**Records from a data source**

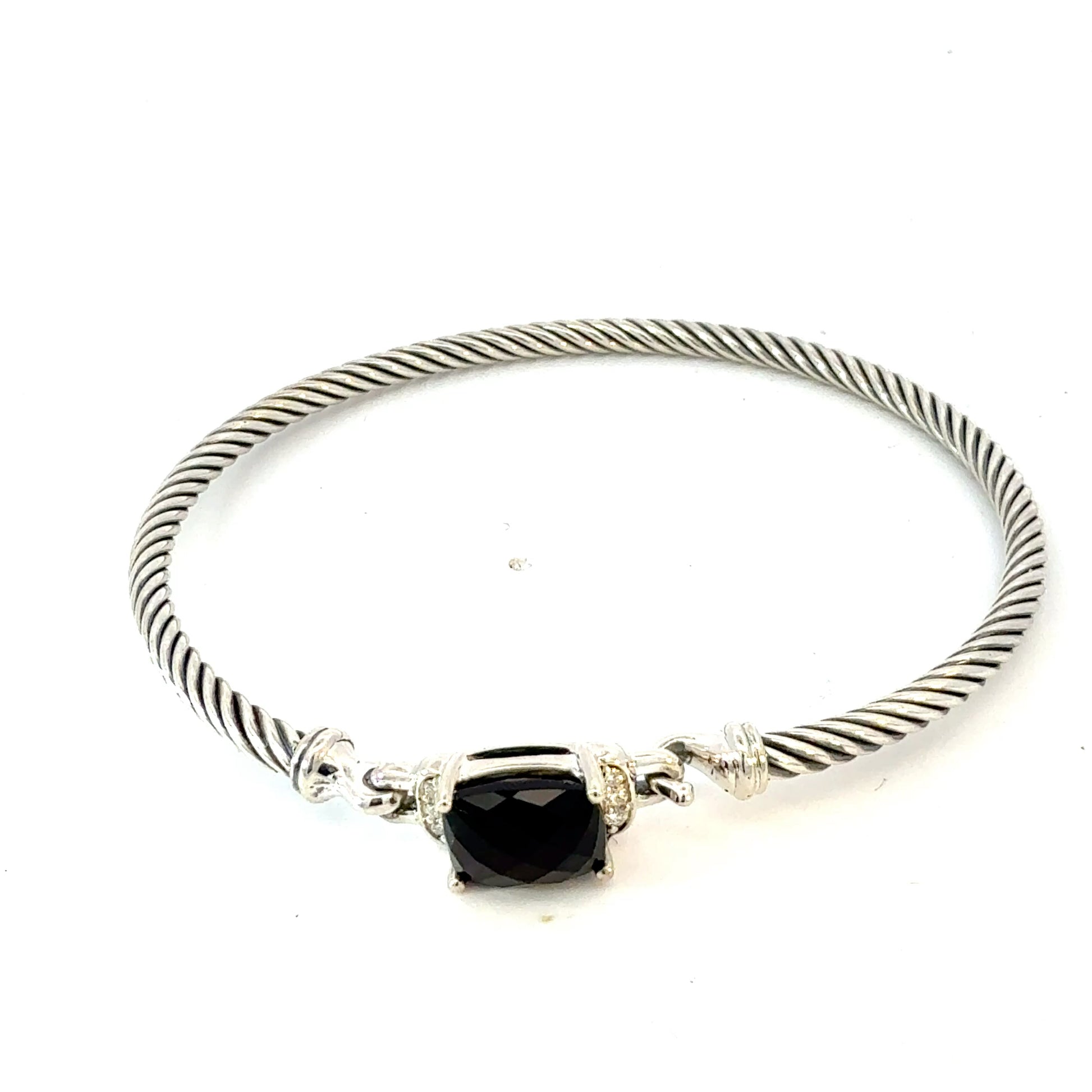 Authentic David Yurman Diamond Onyx Cuff Bracelet Size M 3 mm Silver Estate DY765
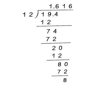我发现在计算过程中,余数( )不断重复,商的小数部分也不断重复出现数字( ),总是除不尽,我们说19.4÷12的商是( )小数,循环节是( )。
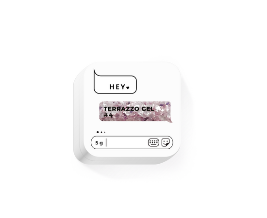 Terrazzo Gel è una collezione di quattro tonalità di gel contenenti glitter di varie forme.
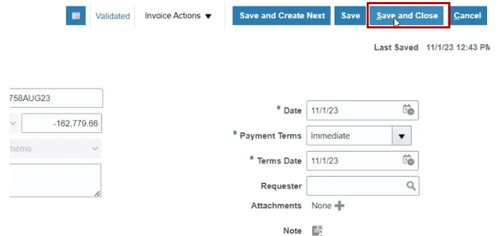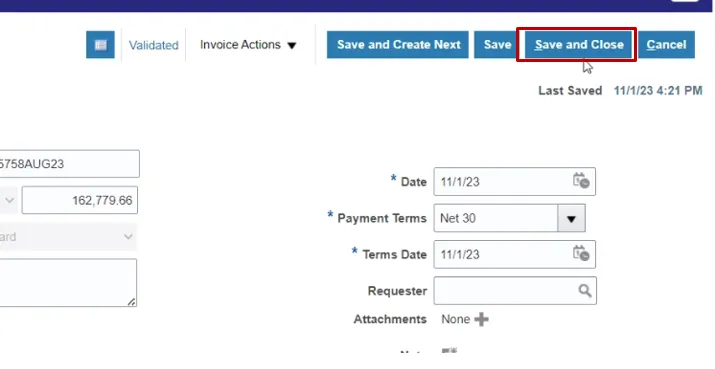 Step 15.    Once the approval is initiated, Save and Close this invoice.
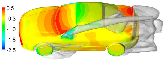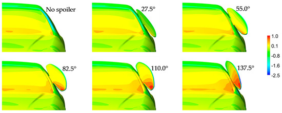 Figure 6a shows contours of the pressure coefficient for the base case without the side spoiler. To make the influence of the side spoiler clearer, contours in Figure 6b–f were included, which represent the results of subtraction of the pressure coefficient values in the base case and in each of the cases with a spoiler inclined at a corresponding angle. This way of presenting the results indicates which areas of the car body are affected most by the side spoiler. The addition of the side spoiler leads to an increase in pressure on the windshield and the roof, as well as a decrease in pressure on the side due to the vortex except for the highest angle of inclination (Figure 6f). An unexpected effect that the side spoiler entails is an increase in pressure on the trunk, which is the largest for the inclination equal to 110.0° (Figure 6e). This can be explained by the fact that the side spoiler on the quarter glass contributes to the increase of the detachment behind the car’s roof on its left side and reduces it on the opposite side, which results in an increase in the area of the stagnation zone and increases pressure on the right side of the trunk (Figure 7).
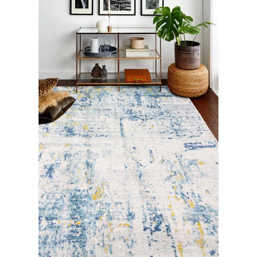 Everek Ivory/Blue 8 ft. x 10 ft. (7’6″ x 9’6″) Abstract Transitional Area Rug by BASHIAN
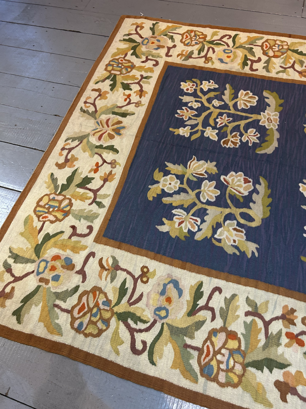 This striking piece from the Poltava district of Eastern Ukraine dates to the end of the 19th century. Ostensibly woven to be hung, the design is composed of a cluster of flowering shrubs in a vertical arrangement on a blue-gray field. The field colour is deliberately abrashed to give a sense of texture and depth. It is a dramatic composition with no secondary motifs to distract the viewer. The border is equally impressive. Generously proportioned, the repeating stylised palmettes and leaves on the abrashed pale blue background are quite stunning. Note too that there is a monogram in the bottom left corner of the border which suggests that this piece may have been made to order for someone important. Poltava kilims are often influenced by European decorative styles, but this piece is firmly in the Ukrainian folk tradition with a very pure drawing of the design. Furthermore the technique is exceptional. The weave is exceptionally fine, interlocking wefts have been employed to ensure a stable structure, and eccentric or 'curved' wefts appear throughout to add texture to the design. Cherished through the generations, this lovely piece is clean and in excellent condition.

**YOUR TASK**
Return every line of the data above exactly, and omit all pictures.

**YOUR SOLUTION**
 Authentic David Yurman Diamond Onyx Cuff Bracelet Size M 3 mm Silver Estate DY765
我发现在计算过程中,余数( )不断重复,商的小数部分也不断重复出现数字( ),总是除不尽,我们说19.4÷12的商是( )小数,循环节是( )。
 Terrazzo Gel è una collezione di quattro tonalità di gel contenenti glitter di varie forme.
 Step 15.    Once the approval is initiated, Save and Close this invoice.
 Figure 6a shows contours of the pressure coefficient for the base case without the side spoiler. To make the influence of the side spoiler clearer, contours in Figure 6b–f were included, which represent the results of subtraction of the pressure coefficient values in the base case and in each of the cases with a spoiler inclined at a corresponding angle. This way of presenting the results indicates which areas of the car body are affected most by the side spoiler. The addition of the side spoiler leads to an increase in pressure on the windshield and the roof, as well as a decrease in pressure on the side due to the vortex except for the highest angle of inclination (Figure 6f). An unexpected effect that the side spoiler entails is an increase in pressure on the trunk, which is the largest for the inclination equal to 110.0° (Figure 6e). This can be explained by the fact that the side spoiler on the quarter glass contributes to the increase of the detachment behind the car’s roof on its left side and reduces it on the opposite side, which results in an increase in the area of the stagnation zone and increases pressure on the right side of the trunk (Figure 7).
 Everek Ivory/Blue 8 ft. x 10 ft. (7’6″ x 9’6″) Abstract Transitional Area Rug by BASHIAN
 This striking piece from the Poltava district of Eastern Ukraine dates to the end of the 19th century. Ostensibly woven to be hung, the design is composed of a cluster of flowering shrubs in a vertical arrangement on a blue-gray field. The field colour is deliberately abrashed to give a sense of texture and depth. It is a dramatic composition with no secondary motifs to distract the viewer. The border is equally impressive. Generously proportioned, the repeating stylised palmettes and leaves on the abrashed pale blue background are quite stunning. Note too that there is a monogram in the bottom left corner of the border which suggests that this piece may have been made to order for someone important. Poltava kilims are often influenced by European decorative styles, but this piece is firmly in the Ukrainian folk tradition with a very pure drawing of the design. Furthermore the technique is exceptional. The weave is exceptionally fine, interlocking wefts have been employed to ensure a stable structure, and eccentric or 'curved' wefts appear throughout to add texture to the design. Cherished through the generations, this lovely piece is clean and in excellent condition.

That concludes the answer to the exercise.